WORK REQUEST
In the records below, repeat exactly the lines between the line holding "Sheep Baaa Humbug" and the line holding "This app enable", inclusive, and drop the pictures.

*** Opening MATERIAL FOR THIS TASK ***

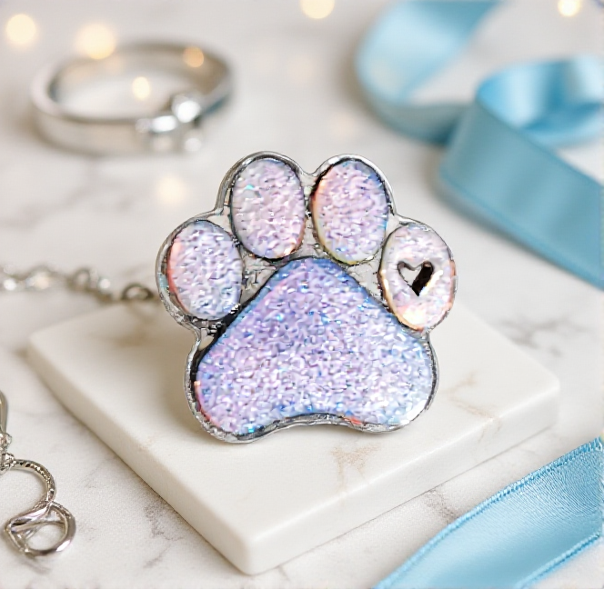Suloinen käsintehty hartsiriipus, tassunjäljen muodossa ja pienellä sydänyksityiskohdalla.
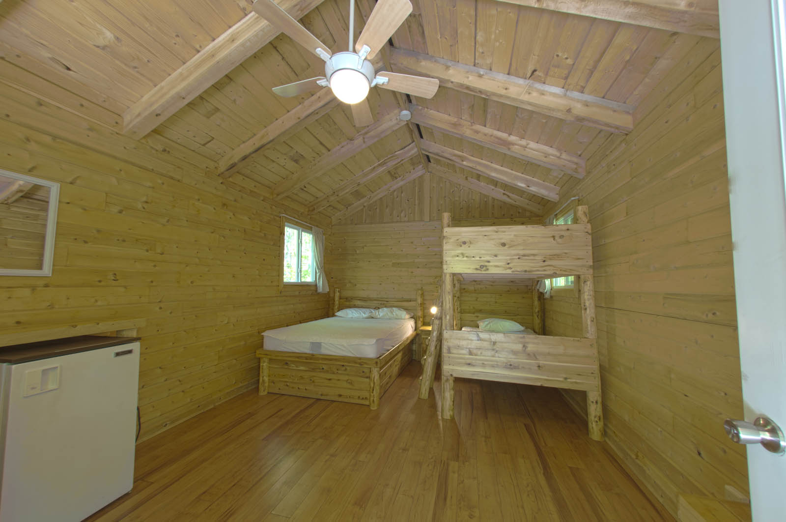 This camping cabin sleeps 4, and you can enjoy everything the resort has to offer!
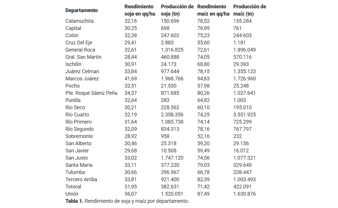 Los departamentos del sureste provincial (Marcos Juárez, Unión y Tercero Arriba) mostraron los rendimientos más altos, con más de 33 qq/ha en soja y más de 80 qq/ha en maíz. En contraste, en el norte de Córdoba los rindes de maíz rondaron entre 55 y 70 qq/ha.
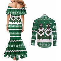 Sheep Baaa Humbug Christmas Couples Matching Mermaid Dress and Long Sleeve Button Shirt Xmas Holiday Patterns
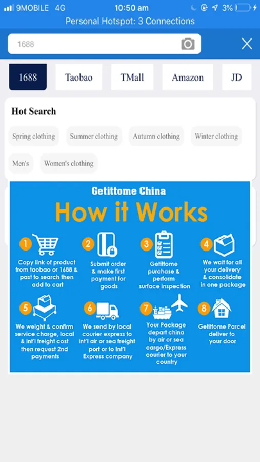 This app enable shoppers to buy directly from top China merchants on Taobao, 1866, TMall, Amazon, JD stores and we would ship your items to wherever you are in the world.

*** Closing MATERIAL FOR THIS TASK ***
*** Opening MATERIAL FOR THIS TASK ***

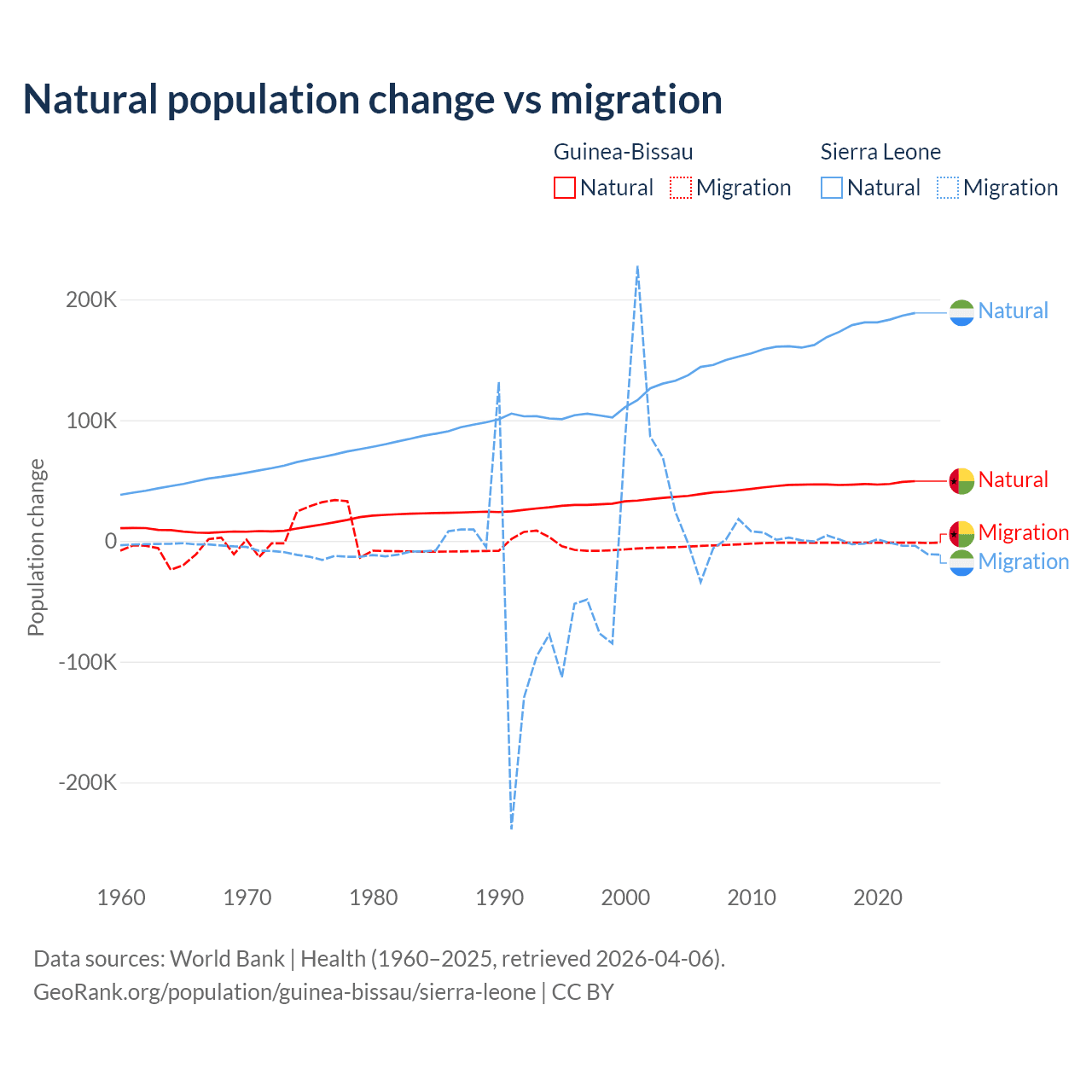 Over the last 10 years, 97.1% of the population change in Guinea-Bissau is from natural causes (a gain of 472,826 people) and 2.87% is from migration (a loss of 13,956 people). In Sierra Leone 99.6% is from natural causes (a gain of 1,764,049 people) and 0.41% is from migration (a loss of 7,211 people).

*** Closing MATERIAL FOR THIS TASK ***

WRITTEN SOLUTION
 Sheep Baaa Humbug Christmas Couples Matching Mermaid Dress and Long Sleeve Button Shirt Xmas Holiday Patterns
 This app enable shoppers to buy directly from top China merchants on Taobao, 1866, TMall, Amazon, JD stores and we would ship your items to wherever you are in the world.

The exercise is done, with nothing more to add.